One write capacity unit represents one write per second for an item up to
1 KB in size. If you need to write an item that is larger than 1 KB, DynamoDB
will need to consume additional write capacity units. The total number of
write capacity units required depends on the item size.
Operation Capacity Unit Size
READ 4 KB
WRITE 1 KB
For example, suppose that you create a table with 5 read capacity units and 5
write capacity units. With these settings, your application could:
Perform strongly consistent reads of up to 20 KB per second (4 KB × 5 read
capacity units).
Perform eventually consistent reads of up to 40 KB per second (8 KB × 5
read capacity units, twice as much read throughput).
Write up to 5 KB per second (1 KB × 5 write capacity units).

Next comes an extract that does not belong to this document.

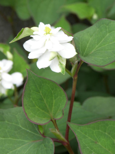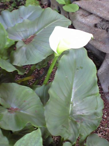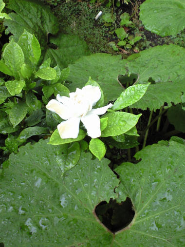 花は綺麗だし、見方によっては真っ白な花びら(実際には総苞片という部分らしいが)にすっくと淡い黄色の集合花がそびえた様は高貴な感じすらする一番身近な薬草なのに、名前のせいか ありふれた草花のせいか、それとも匂いのせいだろうか あまり人気がない花だ。日陰の薄暗くジメッとした所を好んで咲くからかもしれない。花の真ん中の棒状の花序という部分が実際には小さな花の集合で、密集した個々の花は黄色の雄しべと雌しべだけがあるということらしい。 子供の頃に、切り傷ができたりすると血止め?消毒?として生の葉っぱを揉んで傷口に付けた記憶があるが、あの頃は「おまじないかな?」くらいにしか考えなかったが、思い出してもその後傷が化膿したりした記憶はないから、実際効いていたのかもしれない。漢方薬としても利尿作用、動脈硬化の予防作用があるというから、味さえうまくごまかせれば飲んでみたいものだ。 | |

If you exceed your allocated capacity your will get a 400 Bad Request response
(HTTP API) or a ProvisionedThroughputExceededException (SDK). The SDK can offer
automatic retry with exponential backoff.
Limits
The cumulative size of attributes per item must fit within the maximum
DynamoDB item size (400 KB).
Redshift
AWS analytics database (columnar data storage).
Events that would cause Amazon RDS to initiate a failover to the standby
replica:
An Availability Zone outage
The primary DB instance fails
The DB instance’s server type is changed
The operating system of the DB instance is undergoing software patching
A manual failover of the DB instance was initiated using Reboot with
failover
Limits
Maximum retention period for automated backup: 35 days
Other
Amazon RDS enables automated backups settings depends on the DB
engine selected
RDS Provisioned IOPS (SSD) Storage is preferable for high-performance
OLTP workloads
default metrics for RDS: The number of current connections to the database
VPC
Amazon Virtual Private Cloud. Allows you to create complex private networks
in the cloud.
Availability zones names
Availability Zones consist of one or more discrete data centers. Every account
has references to availability zones per regions shuffled. As such, ‘eu-west-1b’
for instance, is not necessarily the same physical location for ‘eu-west-1b’ in
another account (important in some latency related questions).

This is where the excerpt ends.